WHAT YOU WILL DO » Omit every picture and output the rest of the records exactly as they are.

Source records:
☆ ☆ ☆ ☆ ☆ ☆ ☆
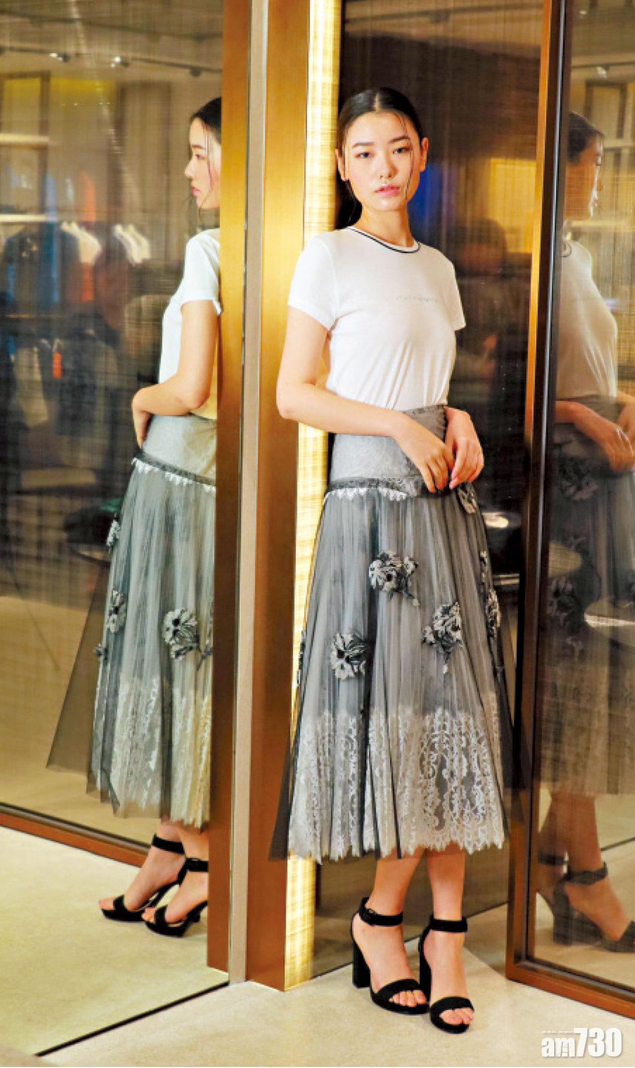 Ermanno Scervino白色印字T恤 $2,795; 拼色雙層花卉綴刺繡百摺紗裙 $37,995
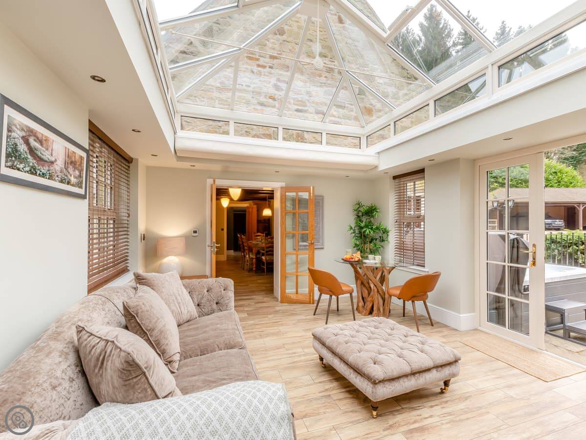The layout is a bit different. There's a main living room, an orangery, another living room, and a separate dining room. The kitchen is open-plan. It's a big space, so you're not all on top of each other. It's a 5 Star place, so it's well kept and has everything you'd need.
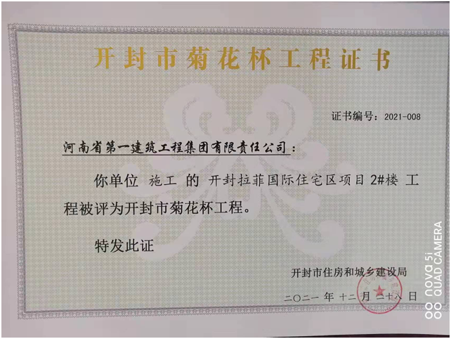 第十四项目经理部承建的开封拉菲国际住宅区项目2#楼 工程被评为开封市“菊花杯”工程。(侯楷)
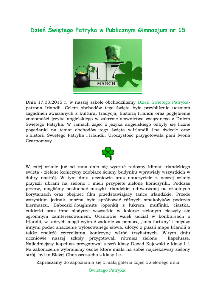 Dzień Świętego Patryka w Publicznym Gimnazjum nr 15 Dnia 17.03.2015 r. w naszej szkole obchodziliśmy Dzień Świętego Patrykapatrona Irlandii. Celem obchodów tego święta było przybliżenie uczniom zagadnień związanych z kulturą, tradycją, historią Irlandii oraz pogłębienie znajomości języka angielskiego w zakresie słownictwa związanego z Dniem Świętego Patryka. W ramach zajęć z języka angielskiego odbyły się liczne pogadanki na temat obchodów tego święta w Irlandii i na świecie oraz o historii Świętego Patryka i Irlandii. Uroczystość przygotowała pani Iwona Czarnomysy. W całej szkole już od rana dało się wyczuć radosny klimat irlandzkiego święta - zielone koniczyny zdobiące ściany budynku wprawiały wszystkich w dobry nastrój. W tym dniu uczniowie oraz nauczyciele z naszej szkoły przyszli ubrani na zielono i mieli przypięte zielone koniczynki. Podczas przerw, mogliśmy posłuchać muzyki irlandzkiej odtwarzanej na szkolnych korytarzach oraz obejrzeć film przedstawiający tańce irlandzkie. Przede wszystkim jednak, można było spróbować różnych smakołyków podczas kiermaszu. Babeczki doughnuts (oponki) z lukrem, muffinki, ciastka, cukierki oraz inne słodycze wszystkie w kolorze zielonym cieszyły się ogromnym zainteresowaniem. Uczniowie wzięli udział w konkursach o Irlandii, w których mogli wybrać zadanie za pomocą „koła fortuny” i między innymi podać znaczenie wylosowanego słowa, ułożyć z puzzli mapę Irlandii a także znaleźć czterolistną koniczynę wśród trzylistnych. W tym dniu uczniowie naszej szkoły przygotowali również zielone kapelusze. Najładniejszy kapelusz przygotował uczeń klasy Dawid Kajewski z klasy I f. Na zakończenie wybraliśmy osobę które miała na sobie najciekawszy zielony strój -był to Błażej Choroszczucha z klasy I c. Zapraszamy do zapoznania się z małą galerią zdjęć z zielonego dnia Świętego Patryka!
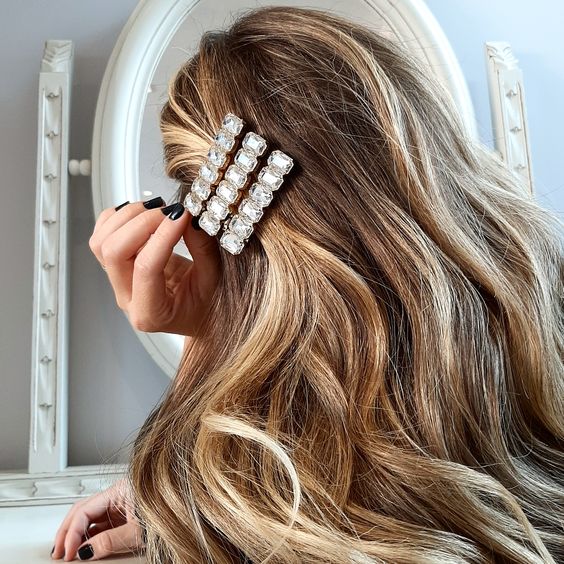 Engana-se quem pensa também que presilhas para cabelo não podem trazer cristais. A nova tendência, inclusive, dá destaque as pedrinhas e é indicada para momentos especiais. O modelo pode trazer variados estilos, sendo o feito de metal com cristais e strass, o mais recomendado em 2024. A combinação traz um toque de brilho.
☆ ☆ ☆ ☆ ☆ ☆ ☆
ANSWER SPACE »
 Ermanno Scervino白色印字T恤 $2,795; 拼色雙層花卉綴刺繡百摺紗裙 $37,995
The layout is a bit different. There's a main living room, an orangery, another living room, and a separate dining room. The kitchen is open-plan. It's a big space, so you're not all on top of each other. It's a 5 Star place, so it's well kept and has everything you'd need.
 第十四项目经理部承建的开封拉菲国际住宅区项目2#楼 工程被评为开封市“菊花杯”工程。(侯楷)
 Dzień Świętego Patryka w Publicznym Gimnazjum nr 15 Dnia 17.03.2015 r. w naszej szkole obchodziliśmy Dzień Świętego Patrykapatrona Irlandii. Celem obchodów tego święta było przybliżenie uczniom zagadnień związanych z kulturą, tradycją, historią Irlandii oraz pogłębienie znajomości języka angielskiego w zakresie słownictwa związanego z Dniem Świętego Patryka. W ramach zajęć z języka angielskiego odbyły się liczne pogadanki na temat obchodów tego święta w Irlandii i na świecie oraz o historii Świętego Patryka i Irlandii. Uroczystość przygotowała pani Iwona Czarnomysy. W całej szkole już od rana dało się wyczuć radosny klimat irlandzkiego święta - zielone koniczyny zdobiące ściany budynku wprawiały wszystkich w dobry nastrój. W tym dniu uczniowie oraz nauczyciele z naszej szkoły przyszli ubrani na zielono i mieli przypięte zielone koniczynki. Podczas przerw, mogliśmy posłuchać muzyki irlandzkiej odtwarzanej na szkolnych korytarzach oraz obejrzeć film przedstawiający tańce irlandzkie. Przede wszystkim jednak, można było spróbować różnych smakołyków podczas kiermaszu. Babeczki doughnuts (oponki) z lukrem, muffinki, ciastka, cukierki oraz inne słodycze wszystkie w kolorze zielonym cieszyły się ogromnym zainteresowaniem. Uczniowie wzięli udział w konkursach o Irlandii, w których mogli wybrać zadanie za pomocą „koła fortuny” i między innymi podać znaczenie wylosowanego słowa, ułożyć z puzzli mapę Irlandii a także znaleźć czterolistną koniczynę wśród trzylistnych. W tym dniu uczniowie naszej szkoły przygotowali również zielone kapelusze. Najładniejszy kapelusz przygotował uczeń klasy Dawid Kajewski z klasy I f. Na zakończenie wybraliśmy osobę które miała na sobie najciekawszy zielony strój -był to Błażej Choroszczucha z klasy I c. Zapraszamy do zapoznania się z małą galerią zdjęć z zielonego dnia Świętego Patryka!
 Engana-se quem pensa também que presilhas para cabelo não podem trazer cristais. A nova tendência, inclusive, dá destaque as pedrinhas e é indicada para momentos especiais. O modelo pode trazer variados estilos, sendo o feito de metal com cristais e strass, o mais recomendado em 2024. A combinação traz um toque de brilho.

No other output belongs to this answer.